NEW YORK — Prosecutors in New York abruptly dropped their criminal case at trial Wednesday against three men accused of conspiring to possess a stash of hand-drawn lyrics to “Hotel California” and other Eagles hits.
Assistant Manhattan District Attorney Aaron Ginandes informed the judge at 10 a.m. that prosecutors would no longer pursue the case, citing newly available emails that attorneys said raised questions about the fairness of the trial. The trial had been going on since the end of February.
“The people admit that dismissal is appropriate in this case,” Ginandes said.
The series of communications only came to light when Eagles star Don Henley apparently decided to waive attorney-client privilege last week after he and other prosecution witnesses had already testified. The defense argued that the new revelations raised questions it could not have asked.
“Witnesses and their attorneys” used attorney-client privilege “to cover up and conceal information they believed would be harmful,” Judge Curtis Farber said as he dismissed the case.

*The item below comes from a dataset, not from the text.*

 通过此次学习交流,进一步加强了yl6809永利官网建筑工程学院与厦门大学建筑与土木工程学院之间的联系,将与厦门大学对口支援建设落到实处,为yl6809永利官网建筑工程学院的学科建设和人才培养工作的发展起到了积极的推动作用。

The case focused on about 100 pages of legalese from the creation of a classic rock giant. The 1976 album ‘Hotel California’ is the third biggest seller of all time in the US, thanks in no small part to its evocative, smoothly disturbing title track about a place where ‘you can check out whenever you want, but you can never leave.”
The accused were three established figures in the collectibles world: rare book dealer Glenn Horowitz, former Rock & Roll Hall of Fame curator Craig Inciardi and rock memorabilia seller Edward Kosinski.

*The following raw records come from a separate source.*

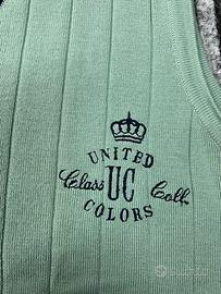 Bellissimo smanicato vintage originale United Colors of Benetton anni 90 in delicato verde pastello con profili blu a contrasto sullo scollo a V. Modello in maglia a costine verticali, vestibilità morbida e comoda, perfetto per look preppy e college style. Logo ricamato sul petto “United Colors Class Coll” che richiama l’estetica iconica del brand. Ideale da indossare sopra camicia bianca o t-shirt per un outfit retrò autentico. In ottime condizioni vintage.
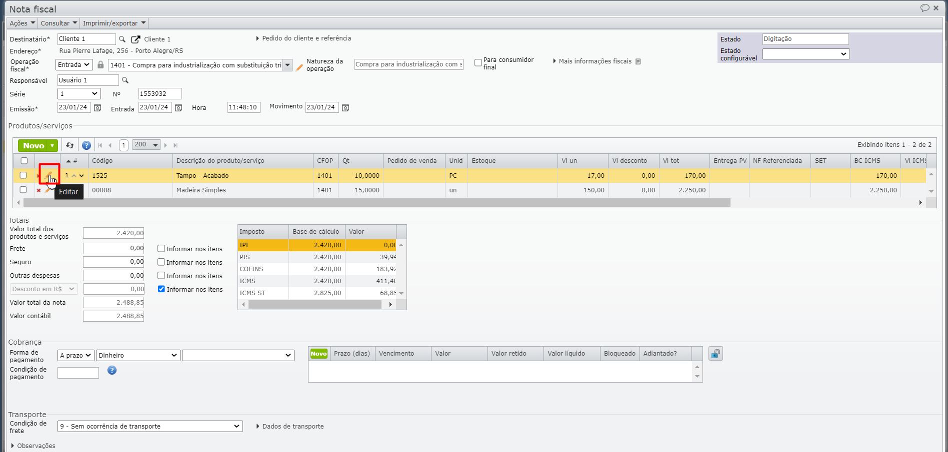 1) Na tela de edição da NF, clique sobre o ícone “lápis laranja” do item, para abrir sua edição.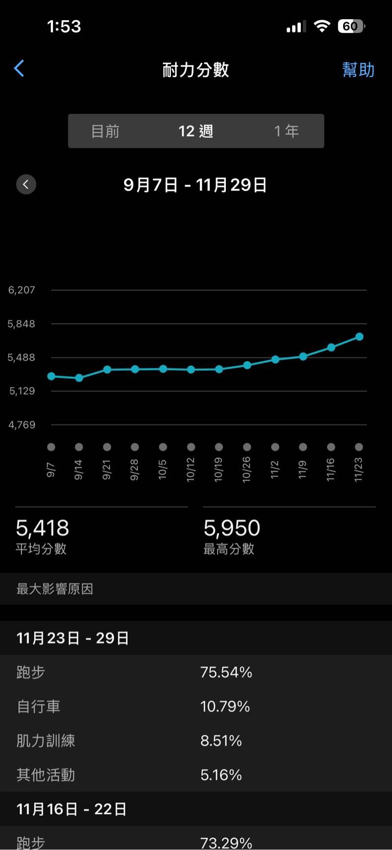 * 超過60小時沒有運動則視為中斷 *

Prosecutors had said the men knew the pages had a questionable chain of ownership but sold them anyway, planning to fabricate a provenance that would be passed through auction houses and demanding that the documents be returned to Don Henley, co-founder founder of Eagles, would turn away.
The suspects pleaded not guilty to charges including conspiracy to criminally possess stolen property. Through their lawyers, the men claimed that they were the rightful owners of pages that had not been stolen by anyone.
The defense alleged that Henley gave the documents decades ago to a writer who was working on a never-published Eagles biography and later sold the handwritten sheets to Horowitz. He in turn sold them to Inciardi and Kosinski, who began putting some of the pages up for auction in 2012.
Henley, who only realized they were missing when they came up for sale, reported them stolen. He testified that during the trial he allowed the writer to review the documents for research, but “never donated them or gave them to anyone else to keep or sell.”
The writer has not been accused of any crime and has not taken a stand. He has not responded to messages about the trial.